Hematopoietic stem cells are responsible for generating blood and immune cells. They are vital to the function of the immune system. With age their function alters in unfavorable ways, leading to the production of too great a proportion of myeloid cells versus lymphoid cells, but also declines in total. This is one of the contributing factors in the aging of the immune system, which is itself very influential of the progression of aging and age-related frailty. Thus potential ways to restore the hematopoietic stem cell population to a more youthful capacity to generate immune cells is an important part of the toolkit for human rejuvenation that lies somewhere ahead of us.

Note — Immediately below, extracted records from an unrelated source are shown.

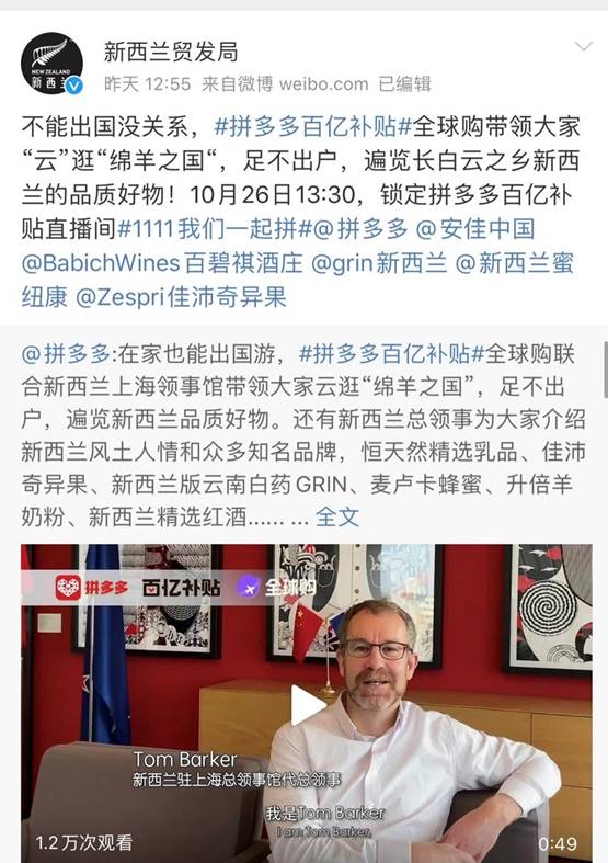 10月26日,拼多多“百億補貼”直播間走進新西蘭駐上海總領事館,與恒天然、佳沛、Grin、蜜紐康等十余個新西蘭國際知名品牌聯合開啟了一場云端溯源之旅。新西蘭駐上海代總領事馬克文也做客直播間,親自為家鄉產品代言打call,為7億拼多多用戶展示原汁原味的新西蘭風情。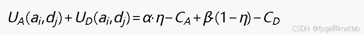 攻防双方的收益由攻防效果和实施成本两部分组成。当攻击方采用策略ai、防御方采用策略dj时,攻击方的收益函数定义为: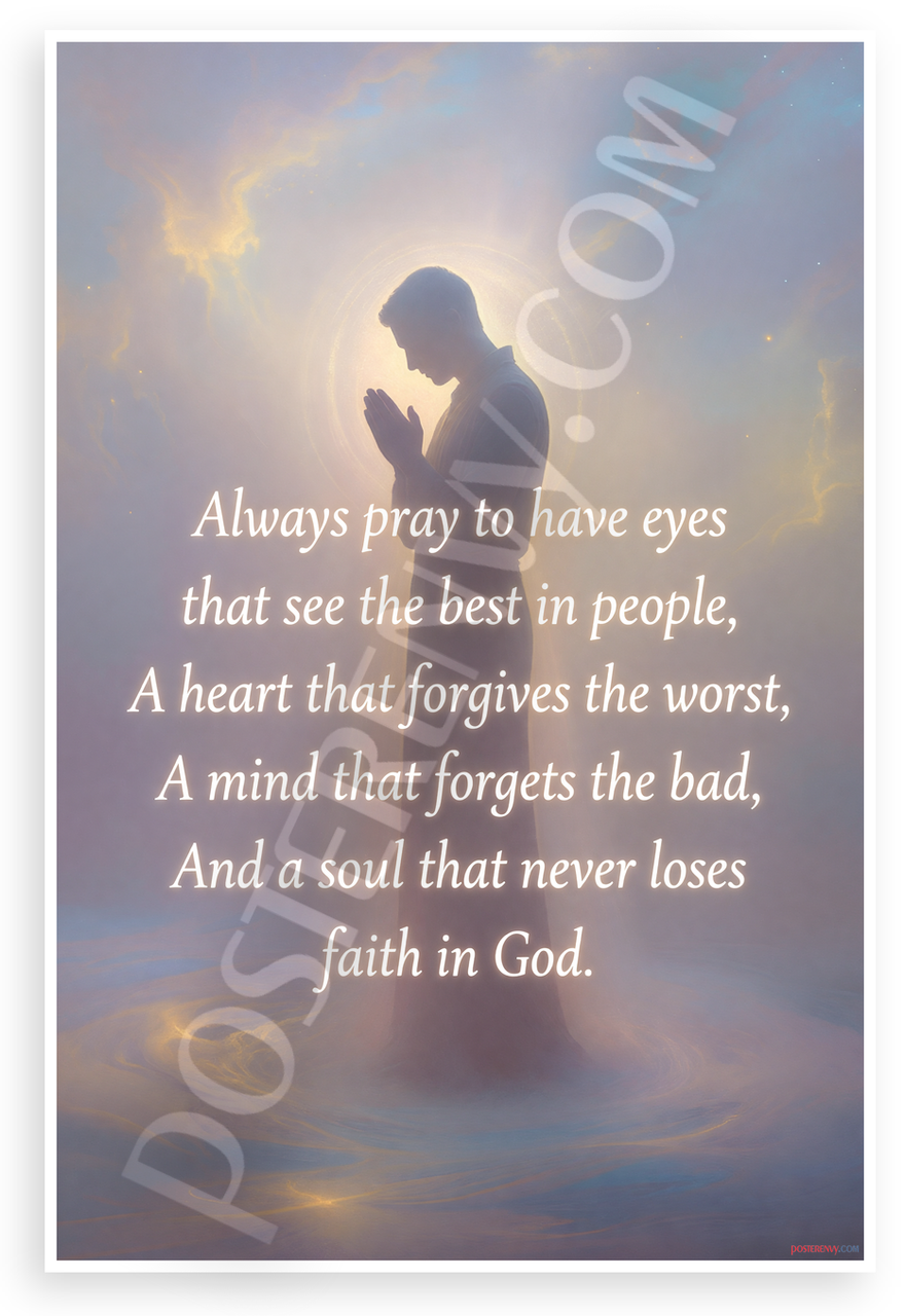 This 12x18 inch poster is printed on premium, durable paper. Proudly Made in the USA by PosterEnvy. The perfect size for any room. PosterEnvy is a family owned business, delivering top-notch posters around the world for over 20 years. Our posters are designed to last — they won't fade or pucker for years of enjoyment. Every poster features crisp, vivid artwork. We are a solar powered company. This spiritual poster features a silhouetted figure in prayer amid an ethereal glow of clouds and golden light, overlaid with an uplifting quote about seeing the best in people, forgiveness, forgetting negativity, and unwavering faith in God. Ideal for creating a serene, faith-filled atmosphere.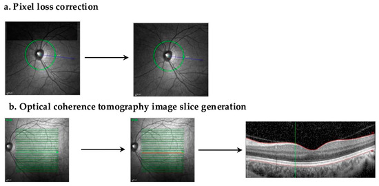 - Lee, H.; Kim, S.; Kim, M.A.; Chung, H.; Kim, H.C. Post-treatment prediction of optical coherence tomography using a conditional generative adversarial network in age-related macular degeneration. Retina 2021, 41, 572–580. [Google Scholar] [CrossRef] [PubMed]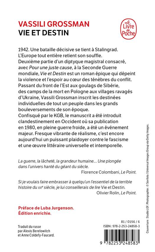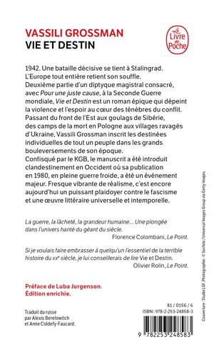 1942. Une bataille décisive se tient à Stalingrad. L’Europe tout entière retient son souffle. Deuxième partie d’un diptyque magistral consacré, avec Pour une juste cause, à la Seconde Guerre mondiale, Vie et Destin est un roman épique qui dépeint la violence et l’espoir au cœur des ténèbres du conflit. Passant du front de l’Est aux goulags de Sibérie, des camps de la mort en Pologne aux villages ravagés d’Ukraine, Vassili Grossman inscrit les destinées individuelles de tout un peuple dans les grands bouleversements de son époque. Confisqué par le KGB, le manuscrit a été introduit clandestinement en Occident où sa publication en 1980, en pleine guerre froide, a été un événement majeur. Fresque vibrante de réalisme, c’est encore aujourd’hui un puissant plaidoyer contre le fascisme et une œuvre littéraire universelle et intemporelle.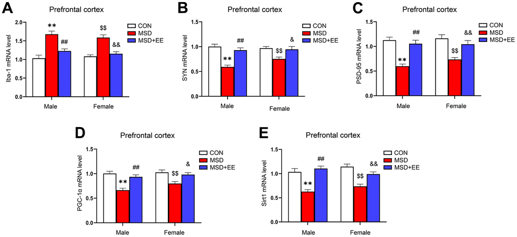 The mRNA levels of Iba-1, SYN, PSD-95, PGC-1α, and Sirt1 in the prefrontal cortex differed significantly in all groups (Iba-1: F(2, 42) = 39.98, P < 0.01; SYN: F(2, 42) = 28.68, P < 0.01; PSD-95: F(2, 42) = 31.89, P < 0.01; PGC-1α: F(2, 42) = 24.17; P < 0.01; Sirt1: F(2, 42) = 37.12, P < 0.01; Figure 5A–5E). The Tukey test indicated that, compared with the controls, the mRNA levels of SYN, PSD-95, PGC-1α, and Sirt1 in the prefrontal cortex were significantly decreased, whereas that of Iba-1 was increased in mice of the MSD group (Ps < 0.05). Furthermore, the prefrontal cortical levels of SYN, PSD-95, PGC-1α, and Sirt1 were higher, and that of Iba-1 was lower in the MSD+EE group relative to MSD group (Ps < 0.05).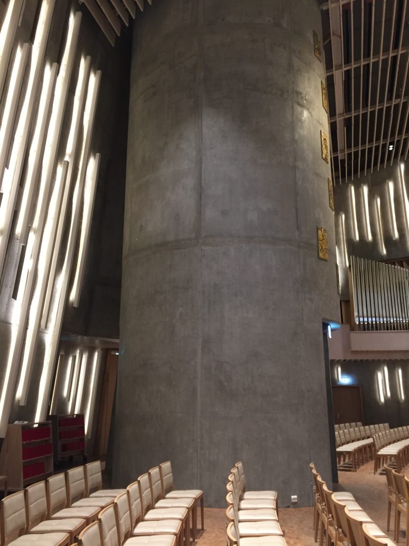 Podobno w Alcie są najlepsze warunki do obserwacji zorzy polarnej, bo w zimie często jest bezchmurne niebo. Odbywa się tu nawet coroczny Borealis Vinterfestival. Katedra jest podkreśleniem, że Alta to światowa stolica zorzy. Nie byle jakim podkreśleniem. Uważana za jedną z piękniejszych współczesnych świątyń, została otwarta w 2013 roku. Sprawiła nam nie lada niespodziankę, bo nie wiedzieliśmy wcześniej o jej istnieniu. Nasz przewodnik po Norwegii, mimo aktualizacji z 2015 roku milczy na jej temat. Wstyd Pascalu! Na szczęście nie da się jej przeoczyć, bo stoi niemalże na drodze. Pojawiła się przed naszymi oczyma jak jakaś kosmiczna konstrukcja. Spiralny budynek ma 47 m wysokości, a jej fasada pokryta jest tytanem i to on funduje widzowi takie widowisko światła. Wnętrze jest równie niesamowite. Byliśmy w nim zupełnie sami.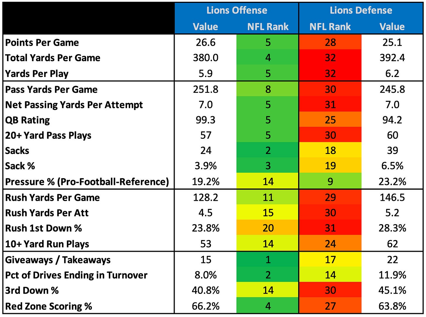 Before we officially move ahead into this season, here’s a look back at the Lions’ team stats and NFL rankings from 2022: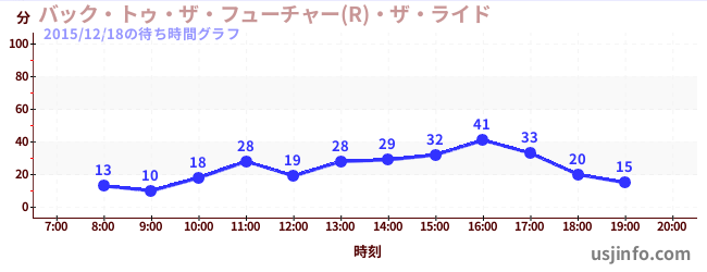 • バック・トゥ・ザ・フューチャー(R)・ザ・ライド$B$N(B2015年12月18日の待ち時間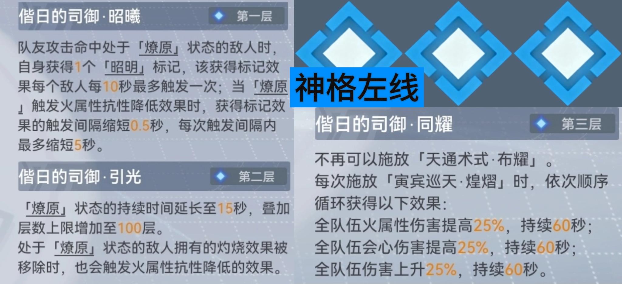 - 神格左线辅助不用。左线去掉强普(获取标记),专注衍生一的燎原状态用来队友给标记, 至于上buff,放3次衍生3才全,很慢,还要注意阵时长。金乌队实在没人就ai位吧(不推荐)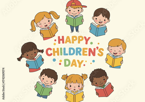 Diverse Children Reading Books for Happy Childrens Day Celebration.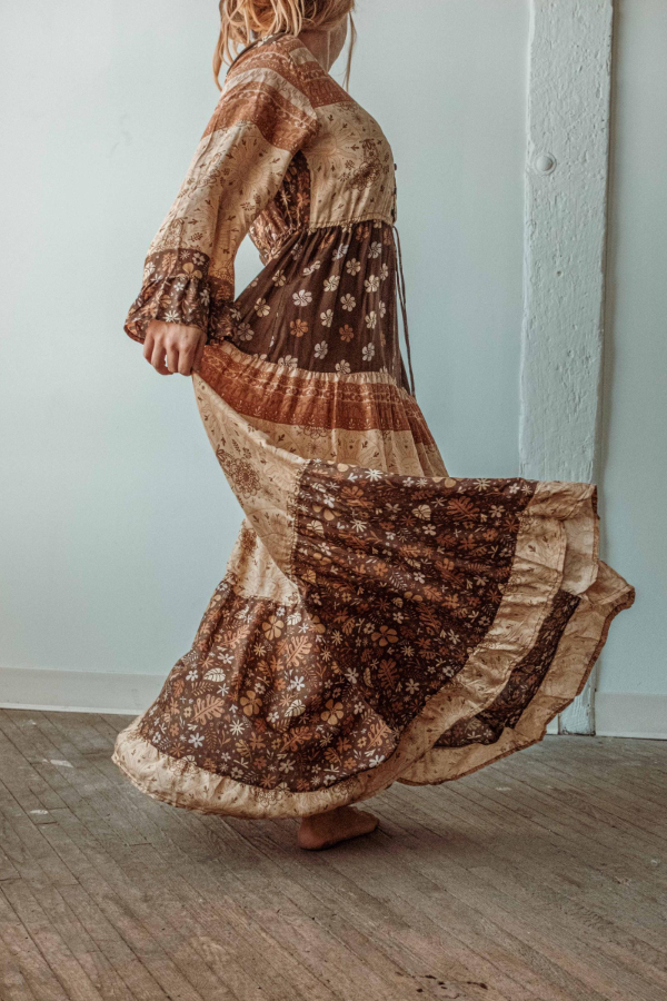 This fusion of bohemian and retro styles creates a relaxed yet nostalgic style, perfectly embracing the current trend towards retro fashion and individuality. The flared sleeves create a retro feel, adding a sense of movement and visual depth to the outfit, creating a graceful and flowing look. A variety of retro floral and geometric patterns, predominantly earth tones, create a rich and harmonious retro feel. Each pattern showcases a unique artistry, ensuring a rare pairing.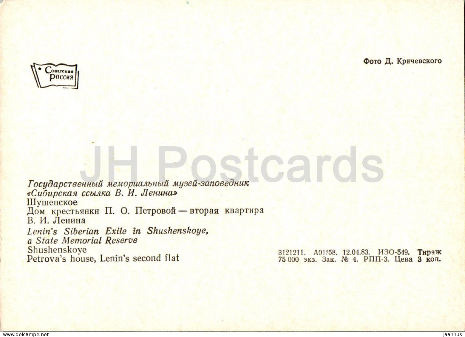 Shushenskoye - Lenin's Siberian Exile - Petrova's House - Lenin's second flat - 1983 - Russia USSR - unused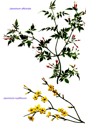 Oleaceae: Jasminum spp., jazmines. Arbustos usados como ornamentales en Chile.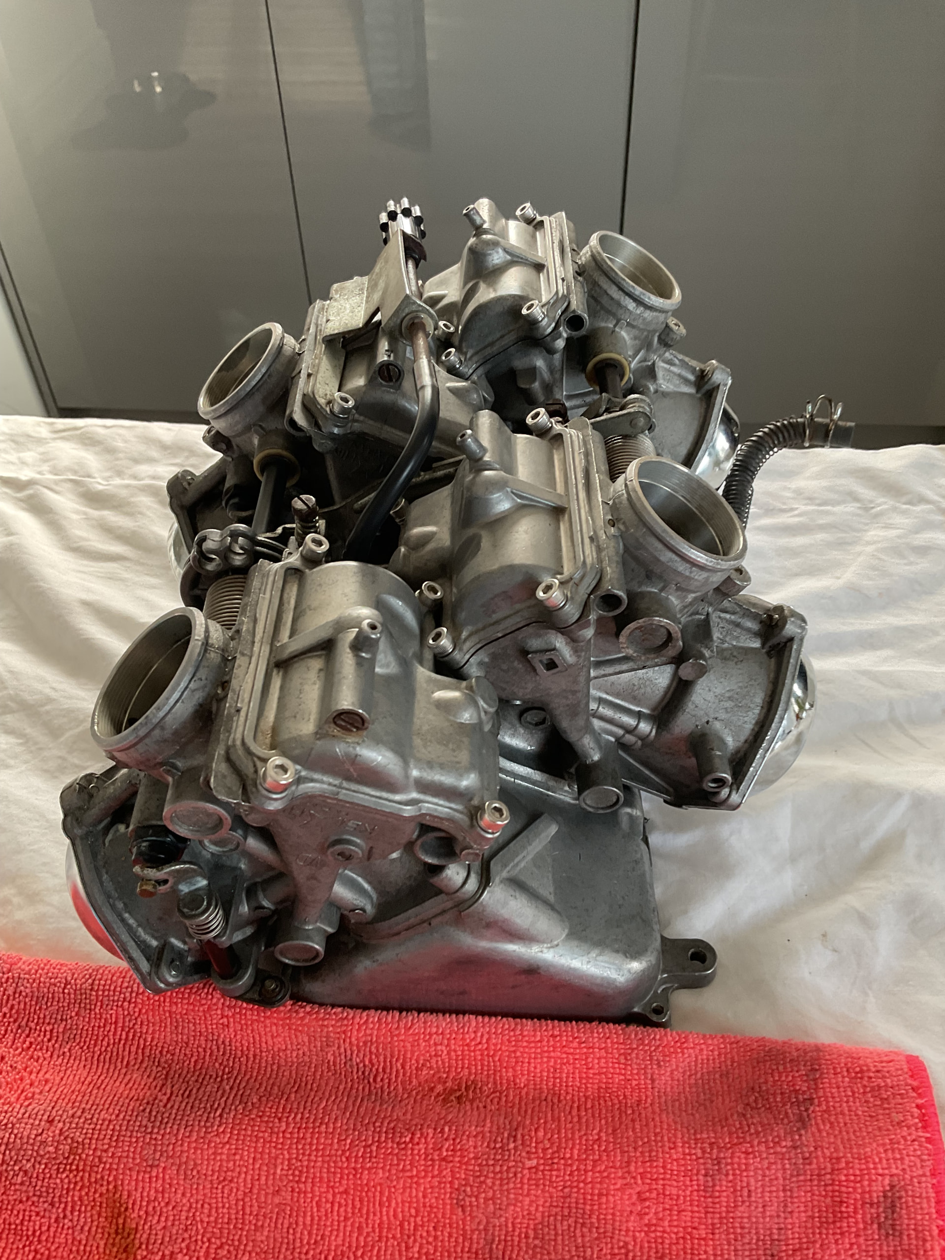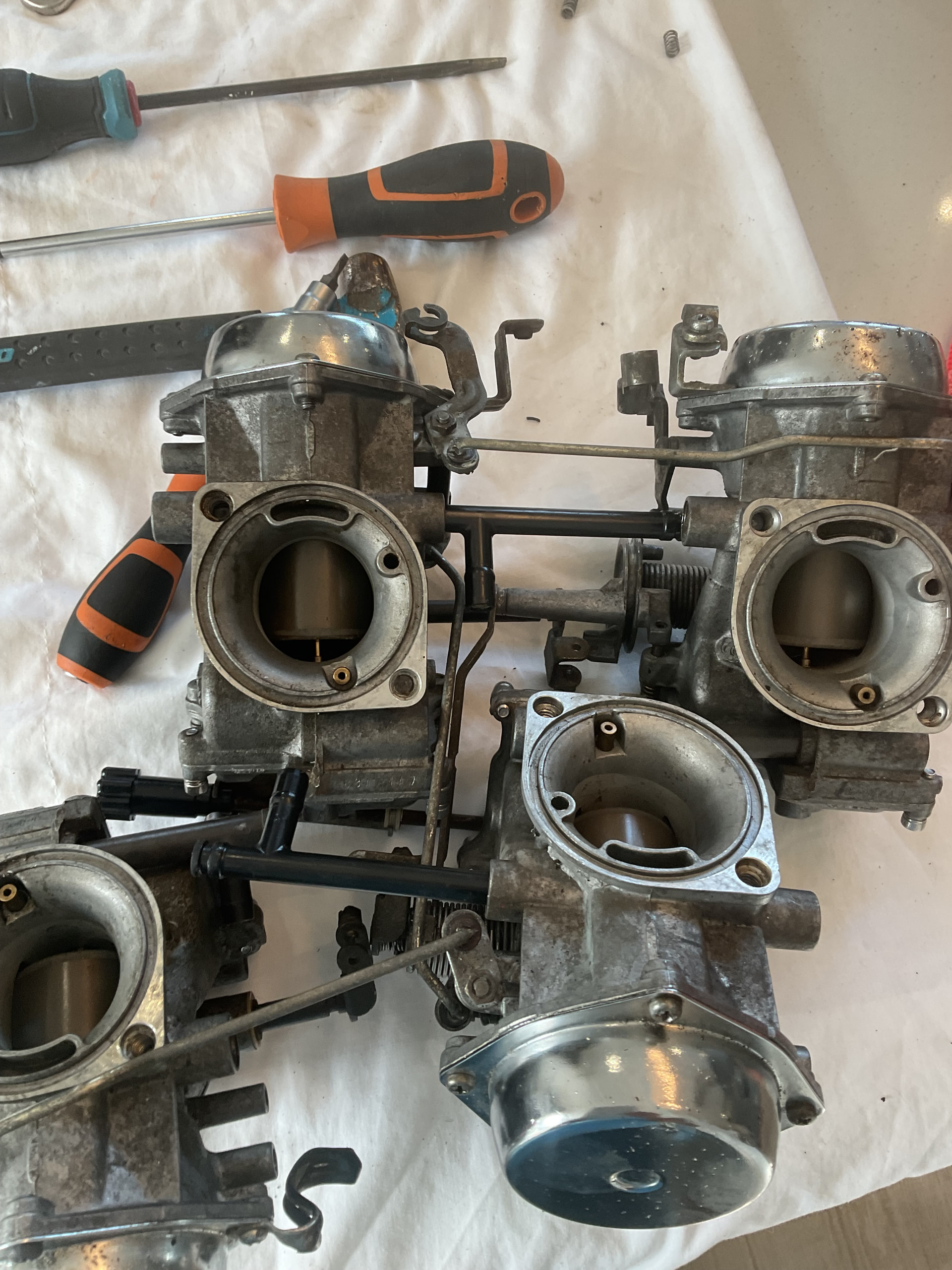 Hello I removed the carbs on the vf1000r to replace the bowl gaskets and to check to float heights.. so I put it back on the bike and turned the fuel on then I noticed fuel dripping, so off comes the carbs again checked the carb that was leaking, and tested it off the bike, still leaking… I think it’s coming from a little tube that connects the carbs but not sure.. now, this tube turns, is it suppose to? Are there rubber o-rings in there… swapped gaskets around, made no difference.. at a lose
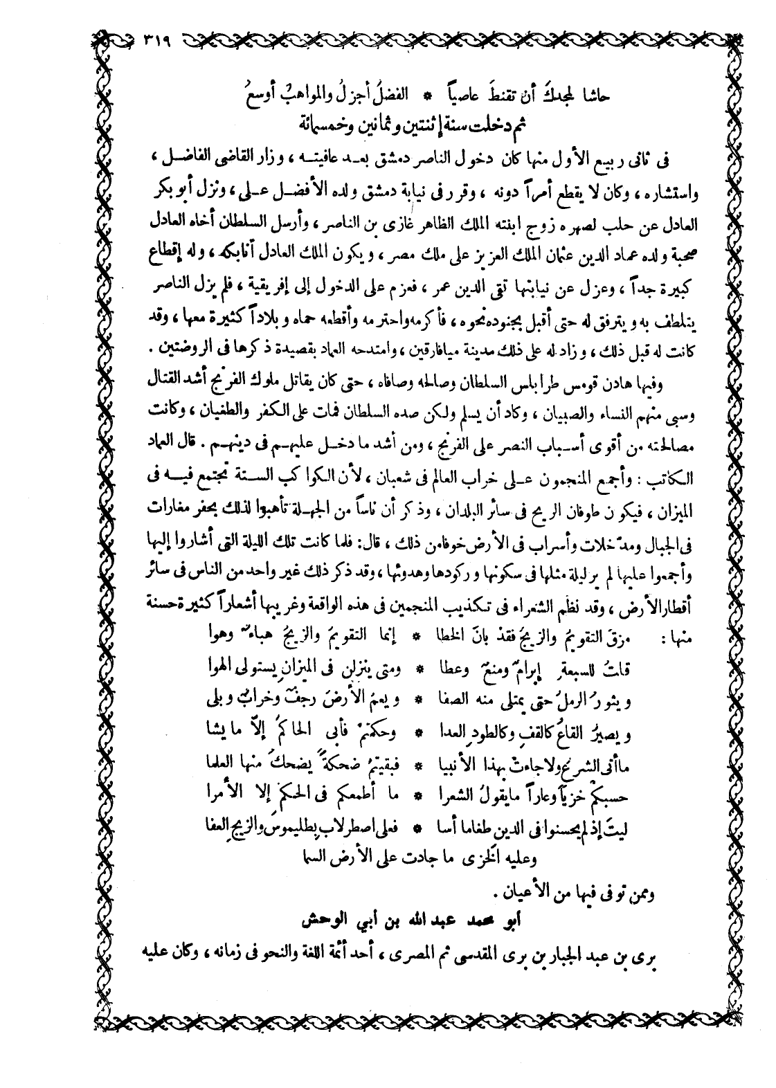 ثُمَّ دَخَلَتْ سنة اثنتين وثمانين وخمسمائة

A key step in hematopoietic stem cell (HSC) aging research was achieved in 1996, revealing that HSCs from old mice were only one-quarter as efficient as those from young mice at homing to and engrafting the bone marrow (BM) of irradiated recipients. Aged HSCs are inferior to young HSCs and show incomplete reconstitution potential. This discovery established that the HSC aging process is accompanied by functional decline. Since then, differences between young and aged HSCs have been elucidated from multiple aspects, and the mechanisms of HSC aging have been gradually illustrated.
Different studies have explored the mechanisms by which aged HSC dysfunction occurs. Altered expression levels of multiple genes and mutation of some specific genes were shown to lead to HSC aging. In addition, inhibition of some signaling pathways, such as the mammalian target of rapamycin (mTOR) and p38 mitogen-activated protein kinase (MAPK) pathways, was closely related to HSC aging. Furthermore, epigenetic perturbations also drove both cellular functional attenuation and other aging manifestations. Finally, some factors in the HSC niche, such as cytokines and enzymes, are also crucial during the aging process.
Currently, there is no doubt that HSCs show declining function during aging, but whether this dysfunction is reversible remains unclear. Notably, researchers showed that prolonged fasting can rejuvenate HSCs. Prolonged fasting reduces circulating IGF-1 levels and protein kinase A (PKA) activity in various cell populations and promotes stress resistance, self-renewal, and lineage-balanced regeneration. Further, HSC aging is accompanied by alterations in gene expression. Therefore, overexpressing knocking down the expression specific genes might be strategies to prevent HSC dysfunction. Reduced Satb1 expression was found in aged HSCs and associated with compromised lymphopoietic potential, and forced Satb1 overexpression partially restored that potential.
Aged mice exhibit increased mTOR signaling in HSCs, and mTOR inhibitor rapamycin can enhance the regenerative capacity of HSCs from aged mice, improve their immune response, and extend their life span. Cdc42 regulates diverse cellular functions, including cellular transformation, cell division, migration, enzyme activity, and cell polarity. Aged HSCs show elevated Cdc42 activity, and Cdc42 inhibition has been demonstrated to rejuvenate HSC functions. Further, inhibition of p38 MAPK reduces reactive oxygen species (ROS) levels and contributes to HSC rejuvenation. TN13, a cell-penetrating peptide-conjugated peptide, inhibited p38 activity and rejuvenated aged HSCs by reducing ROS.
One strategy to delay aging is to restore cell functions, while another is to clear senescent cells. Senescent cells accumulate with age and contribute to the development of aging-related diseases. Depletion of senescent cells mitigated irradiation-induced premature aging of the hematopoietic system and rejuvenated aged HSCs in normally aged mice.